Class InterquartileRange

  • All Implemented Interfaces:
    java.io.Serializable, CapabilitiesHandler, OptionHandler, RevisionHandler

    public class InterquartileRange
    extends SimpleBatchFilter
    A filter for detecting outliers and extreme values based on interquartile ranges. The filter skips the class attribute.

    Outliers:
    Q3 + OF*IQR < x <= Q3 + EVF*IQR
    or
    Q1 - EVF*IQR <= x < Q1 - OF*IQR

    Extreme values:
    x > Q3 + EVF*IQR
    or
    x < Q1 - EVF*IQR

    Key:
    Q1 = 25% quartile
    Q3 = 75% quartile
    IQR = Interquartile Range, difference between Q1 and Q3
    OF = Outlier Factor
    EVF = Extreme Value Factor

    Valid options are:

     -D
      Turns on output of debugging information.
     -R <col1,col2-col4,...>
      Specifies list of columns to base outlier/extreme value detection
      on.

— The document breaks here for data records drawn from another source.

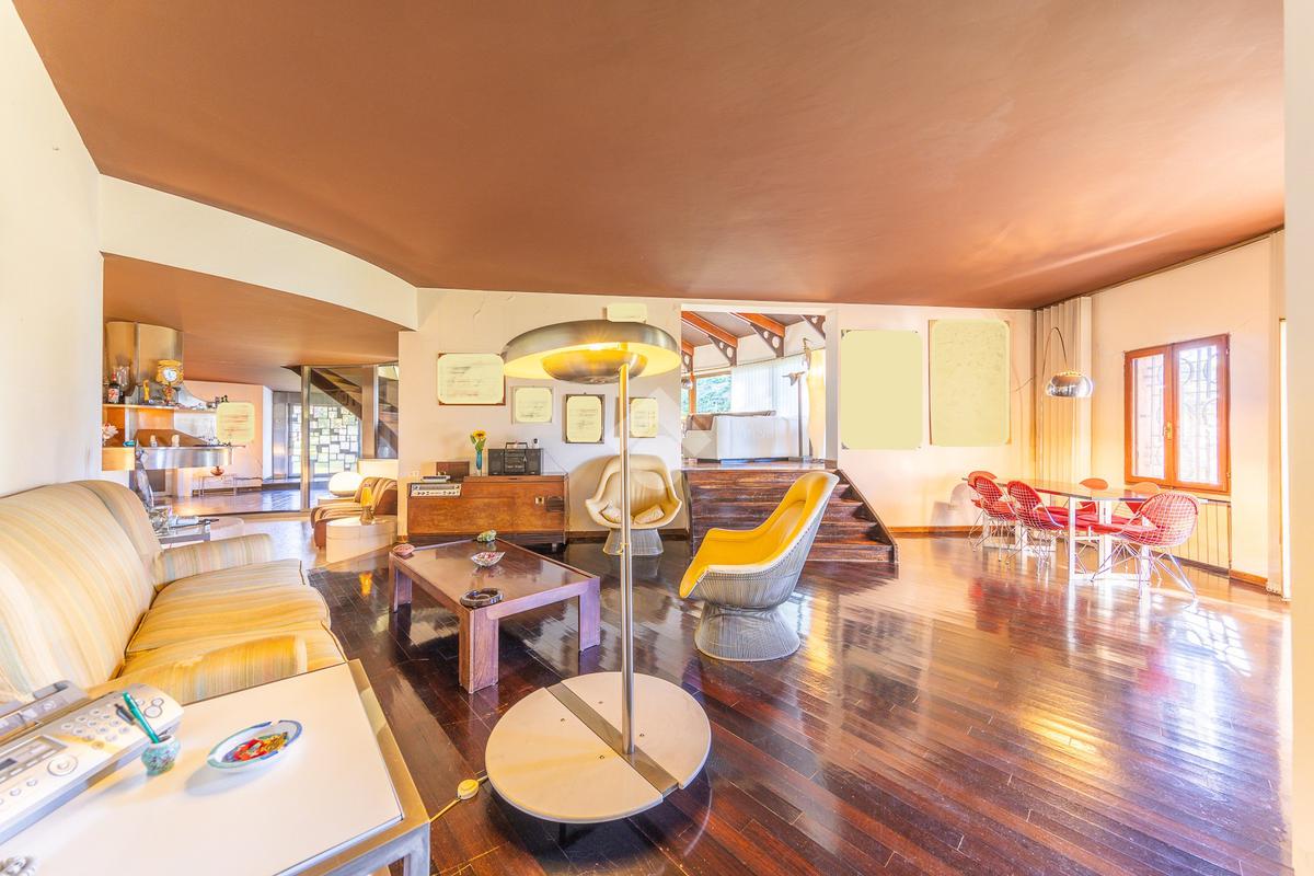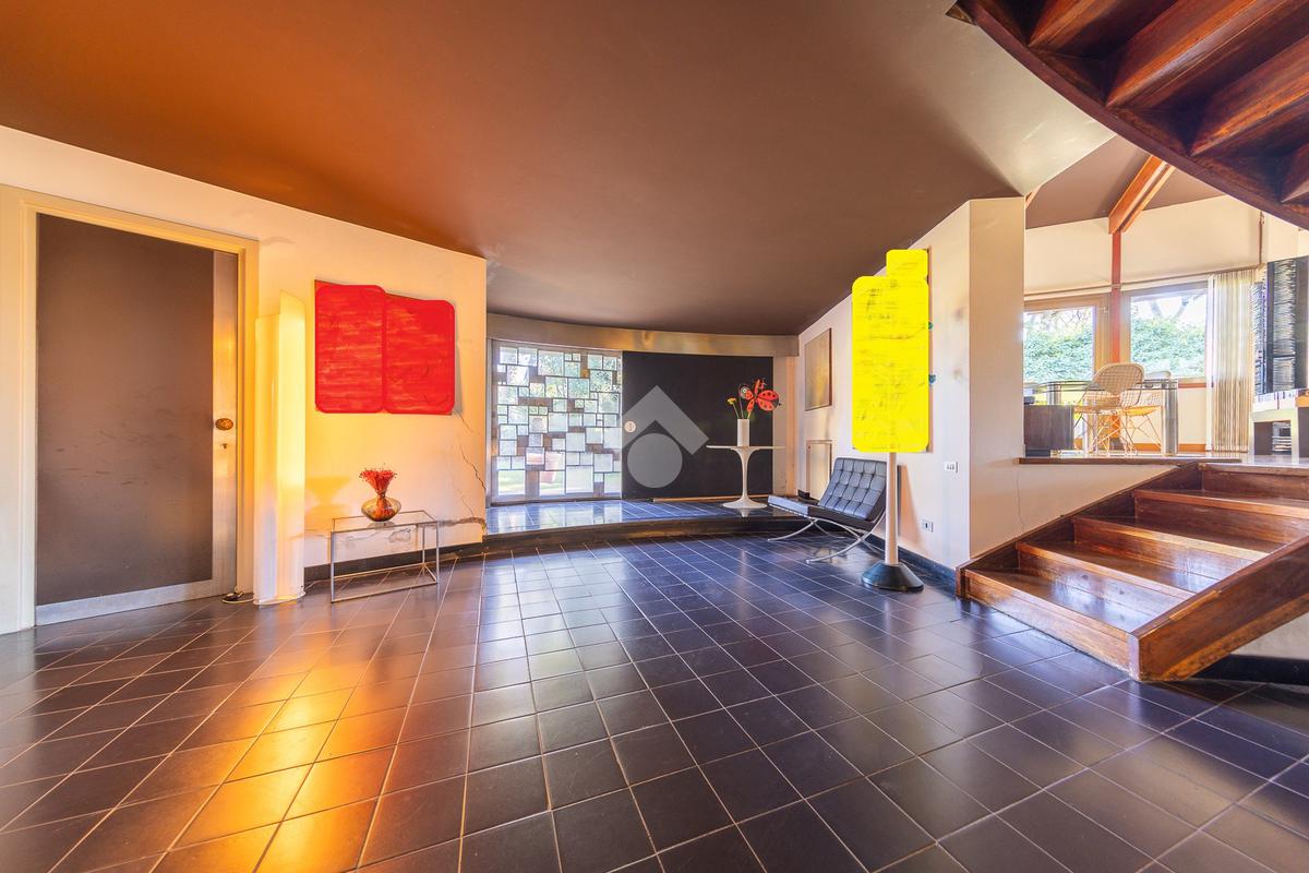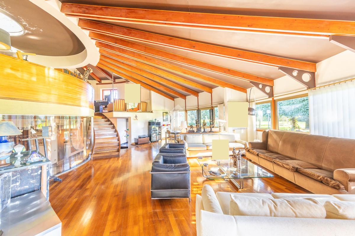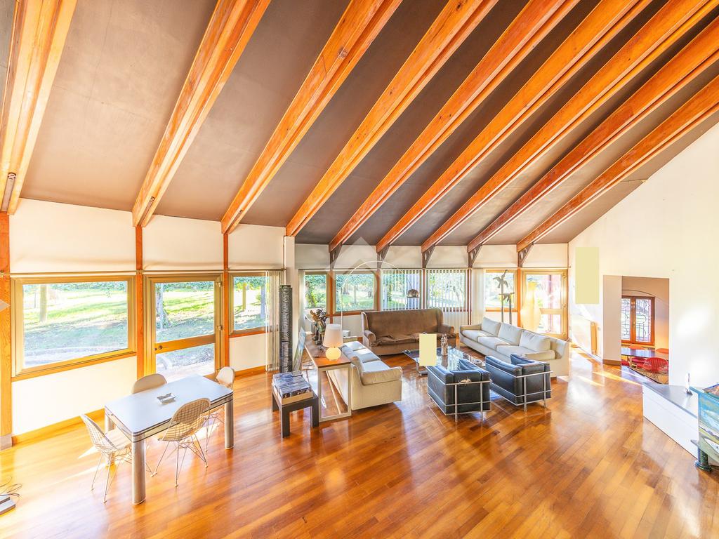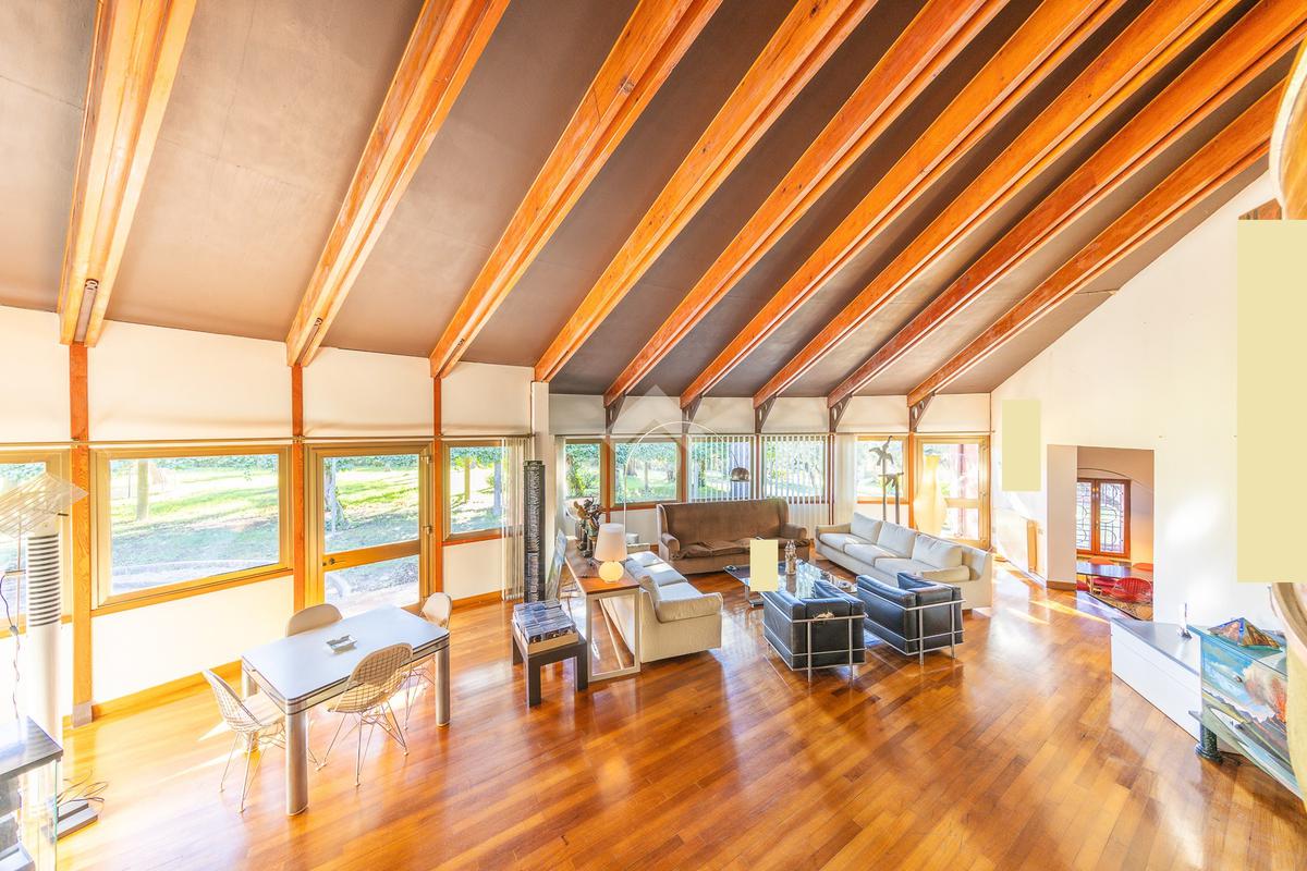 - ampi saloni caratterizzati da alti soffitti, finiture di pregio e grandi vetrate panoramiche che si affacciano sul parco;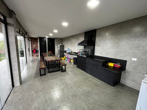 Lazer completo com espaço gourmet equipado com churrasqueira e forno a lenha, banheiros masculino e feminino, ducha externa, jardim com árvores frutíferas, piscina 8x3 m com bordas em mármore, prainha, aquecimento por trocador de calor inverter, amplo deck de madeira 10x4 m e quadra de futebol 8x10 m. Conta ainda com poço artesiano de 110 metros, vazão aproximada de 5.000 litros/hora.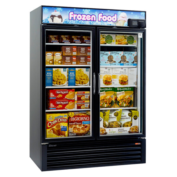 Easily keep your most popular frozen treats organized, cold, and ready for sale with the Turbo Air TGF-49FB-N black 54" glass door merchandising freezer! This merchandising freezer features 39.88 cu. ft. of storage space with 8 adjustable shelves so you can stock up on popsicles, ice cream, frozen yogurt, and other frozen foods while encouraging impulse sales thanks to the shadow-free, top-mount LGP ad panel and bright LED interior lighting.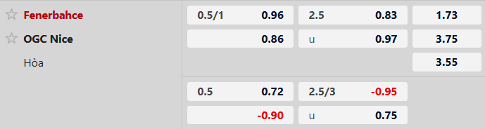 Thông tin tỷ lệ kèo bóng đá Fenerbahce vs Nice: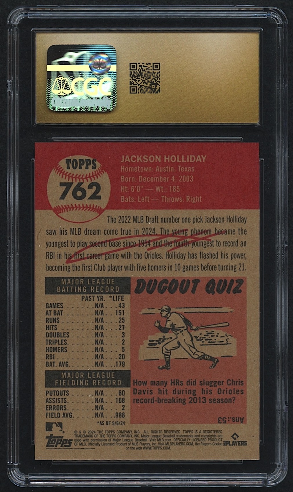 Jackson Holliday 2024 Topps Living Set #762 RC (CGC 10 | Black Label)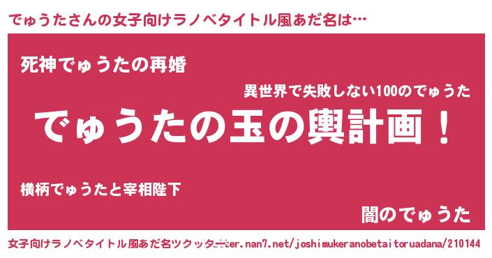 | 男性向けラノベタイトル風あだ名 | 『でゅうた~年齢イコール彼女いない歴の魔法使い~』 |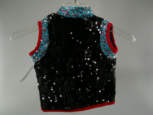 Pre-Owned Costume Vest Glamour Medium Child Turquoise Red Pageant Tap Sequin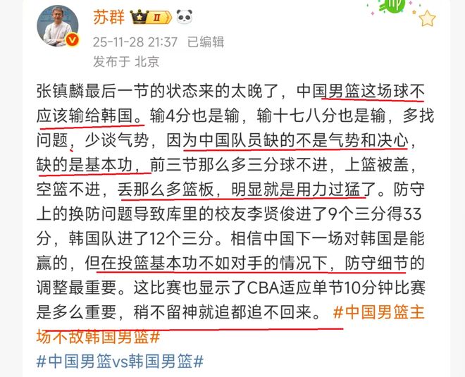 输韩国4分!苏群中肯点评,指出了中国男篮输球的主要原因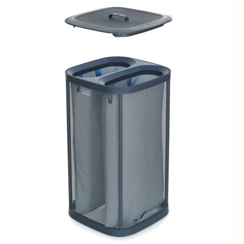 The stylish Tota hamper from Joseph Joseph features two same-sized compartments so you can properly organize laundry by types - lights and darks, clothes and linens. The cotton fabric totes have nylon handles for convenient lifting and carrying to and from the wash.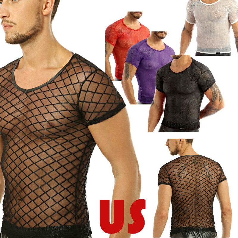 - Hot sexy mens casual stylish mesh shirts, V-neck, short sleeves.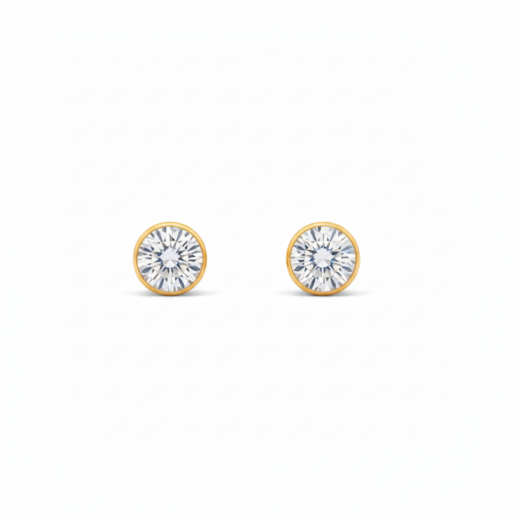 Elegant round stud earrings crafted in pure gold, featuring a brilliant crystal-like centerpiece encased in a smooth gold bezel. Minimal yet timeless, these studs add a refined sparkle to everyday wear and effortlessly complement both casual and festive looks
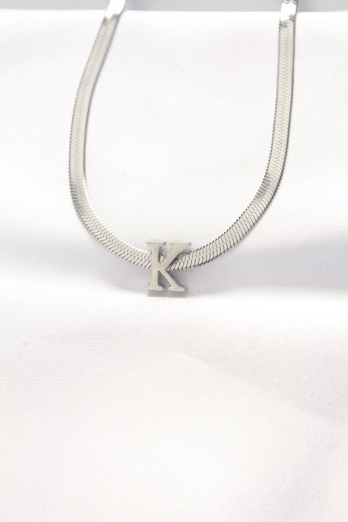 316L Çelik K Harfli Silver Renk İtalyan Zincirli Kolye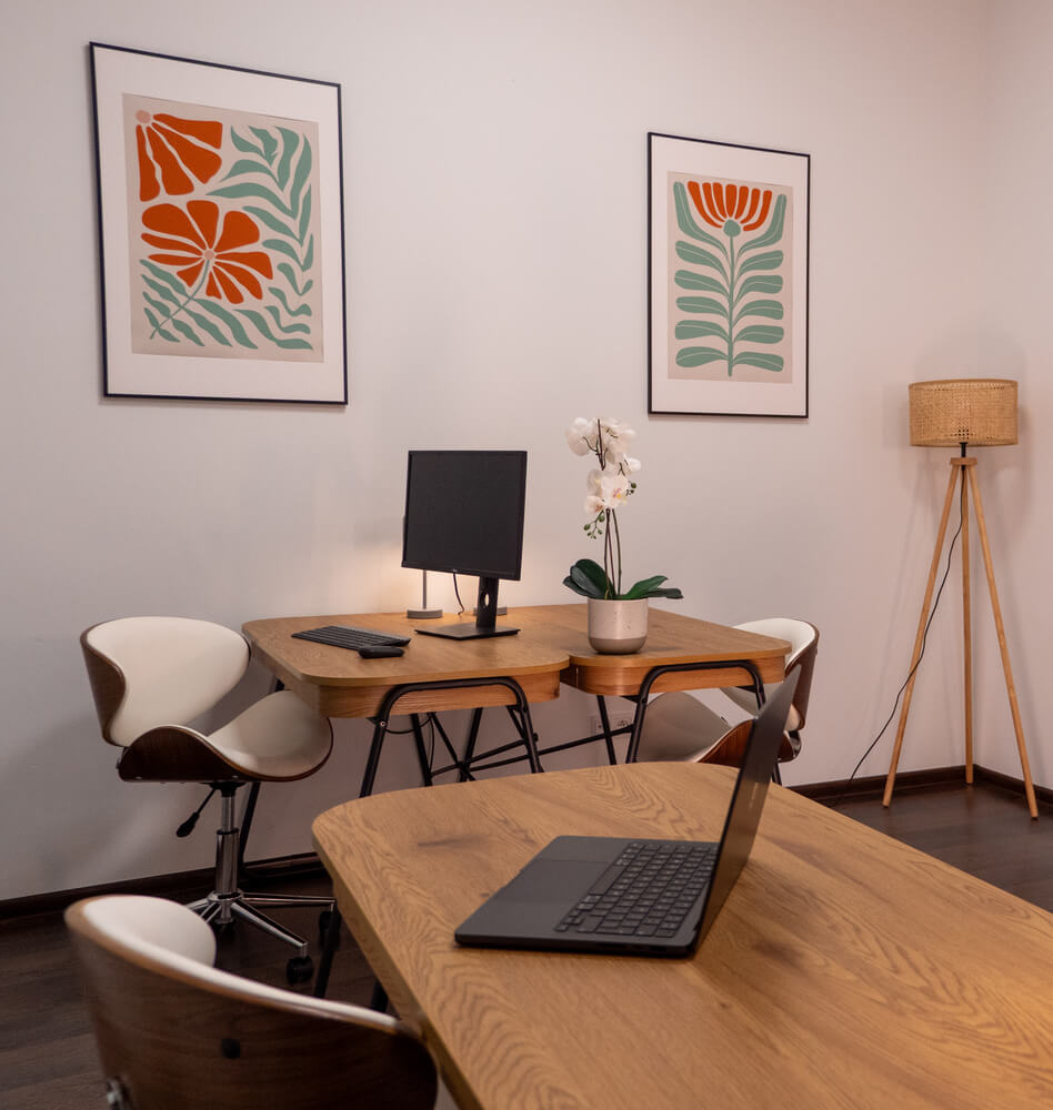 Nasza sala konferencyjna to funkcjonalne i eleganckie w pełni wyposażone wnętrze dla spotkań do 8 osób.Jasne wnętrze, duże okna i elegancki design tworzą atmosferę sprzyjającą skupieniu i twórczym rozmowom.Perfekcyjna do ważnych negocjacji, warsztatów czy codziennych odpraw zespołu.

If an instance is considered in at least one of those
      attributes an outlier/extreme value, it is tagged accordingly.
      'first' and 'last' are valid indexes.
      (default none)
     -O <num>
      The factor for outlier detection.
      (default: 3)
     -E <num>
      The factor for extreme values detection.
      (default: 2*Outlier Factor)
     -E-as-O
      Tags extreme values also as outliers.
      (default: off)
     -P
      Generates Outlier/ExtremeValue pair for each numeric attribute in
      the range, not just a single indicator pair for all the attributes.
      (default: off)
     -M
      Generates an additional attribute 'Offset' per Outlier/ExtremeValue
      pair that contains the multiplier that the value is off the median.
         value = median + 'multiplier' * IQR
     Note: implicitely sets '-P'. (default: off)
    Thanks to Dale for a few brainstorming sessions.
    Version:
    $Revision: 9529 $
    Author:
    Dale Fletcher (dale at cs dot waikato dot ac dot nz), fracpete (fracpete at waikato dot ac dot nz)
    See Also:
    Serialized Form
    • Field Detail

      • NON_NUMERIC

        public static final int NON_NUMERIC
        indicator for non-numeric attributes
        See Also:
        Constant Field Values
    • Constructor Detail

      • InterquartileRange

        public InterquartileRange()
    • Method Detail

      • globalInfo

        public java.lang.String globalInfo()
        Returns a string describing this filter
        Specified by:
        globalInfo in class SimpleFilter
        Returns:
        a description of the filter suitable for displaying in the explorer/experimenter gui
      • listOptions

        public java.util.Enumeration listOptions()
        Returns an enumeration describing the available options.
        Specified by:
        listOptions in interface OptionHandler
        Overrides:
        listOptions in class SimpleFilter
        Returns:
        an enumeration of all the available options.
      • setOptions

        public void setOptions​(java.lang.String[] options)
                        throws java.lang.Exception
        Parses a list of options for this object.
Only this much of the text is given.